In this blog, we will look deeply into FCOS, an innovative and popular object detection model applied to various fields. But before diving into the innovations brought by FCOS, it is important to understand the types of object detection models available.

About us: We’ve built the Viso Suite infrastructure for enterprise computer vision applications. In a single interface, we deliver the full process of application development, deployment, and management. To learn more, book a demo with our team.

Types of Object Detection Models

Object detection models can be divided into two categories, one-stage and two-stage detectors.

 

image showing different types of object detection, FCOS
Deep Learning Object Detection Types –source
Two-Stage Detectors

Two-stage detectors, such as R-CNN, Fast R-CNN, and Faster R-CNN, divide the task of object detection into a two-step process:

  • Region Proposal: In the first stage, the model generates a set of region proposals that are likely to contain objects. This is done using methods like selective search (R-CNN) or a Region Proposal Network (RPN) (Faster R-CNN).
  • Classification and Refinement: In the second stage, the proposals are classified into object categories and refined to improve the accuracy of the bounding boxes.

The multi-stage pipeline is slower, more complex, and can be challenging to implement and optimize in comparison to single-stage detectors. However, these two-stage detectors are usually more robust and achieve higher accuracy.

One-Stage Detectors

One-stage detectors, such as FCOS, YOLO (You Only Look Once), and SSD (Single Shot Multi-Box Detector) eliminate the need for regional proposals. The model in a single pass directly predicts class probabilities and bounding box coordinates from the input image.

This results in one-stage detectors being simpler and easier to implement compared to two-stage methods, also the one-stage detectors are significantly faster, allowing for real-time applications.

Despite their speed, they are usually less accurate and use pre-made anchors for detection.
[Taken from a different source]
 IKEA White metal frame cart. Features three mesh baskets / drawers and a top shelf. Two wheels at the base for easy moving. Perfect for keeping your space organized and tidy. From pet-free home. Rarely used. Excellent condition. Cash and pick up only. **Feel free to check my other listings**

However, FCOS has reduced the accuracy gap compared with two-stage detectors and completely avoids the use of anchors.

 

What is FCOS?

FCOS (Fully Convolutional One-Stage Object Detection) is an object detection model that drops the use of predefined anchor box methods. Instead, it directly predicts the locations and sizes of objects in an image using a fully convolutional network.
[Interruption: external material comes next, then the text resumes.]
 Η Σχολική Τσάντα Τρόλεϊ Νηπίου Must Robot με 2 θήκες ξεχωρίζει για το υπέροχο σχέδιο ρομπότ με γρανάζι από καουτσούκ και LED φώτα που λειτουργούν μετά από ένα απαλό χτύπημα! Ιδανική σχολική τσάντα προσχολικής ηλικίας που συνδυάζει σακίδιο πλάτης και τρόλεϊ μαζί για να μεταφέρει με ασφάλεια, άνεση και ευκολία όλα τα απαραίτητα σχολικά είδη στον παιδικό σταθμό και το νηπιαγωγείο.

This anchor-free approach in this state-of-the-art object detection model has resulted in the reduction of computational complexity and increased performance gap. Moreover, FCOS outperforms its anchor-based counterparts.

What are Anchors?

In single-stage object detection models, anchors are pre-defined bounding boxes used during the training and detection (inference) process to predict the locations and sizes of objects in an image.

 

image showing anchors
Anchor-based object detector –source

 

Popular models such as YOLO and SSD use anchor boxes for direct prediction, which leads to limitations in handling varying object sizes and shapes, and also reduces the model’s robustness and efficiency.

Limitations of Anchors
  • Complexity: Anchor-based detectors depend on numerous anchor boxes of different sizes and aspect ratios at various locations in the image. This increases the complexity of the detection pipeline, as it requires the designing of anchors for various objects.
  • Computation related to Anchors: Anchor-based detectors utilize a large number of anchor boxes at different locations, scales, and aspect ratios during both training and inference. This is computationally intensive and time-consuming
  • Challenges in Anchor Design: Designing appropriate anchor boxes is difficult and leads to the model being capable for the specific dataset only. Poorly designed anchors can result in reduced performance.
  • Imbalance Issues: The large number of negative sample anchors (anchors that do not overlap significantly with any ground truth object) compared to positive anchors can lead to an imbalance during training. This can make the training process less stable and harder to converge.
How Anchor-Free Detection Works

An anchor-free object detection model such as FCOS takes advantage of all points in a ground truth bounding box to predict the bounding boxes. In essence, it works by treating object detection as a per-pixel prediction task. For each pixel on the feature map, FCOS predicts:

  • Object Presence: A confidence score indicating whether an object is present at that location.
  • Offsets: The distances from the point to the object’s bounding box edges (top, bottom, left, right).
  • Class Scores: The class probabilities for the object present at that location.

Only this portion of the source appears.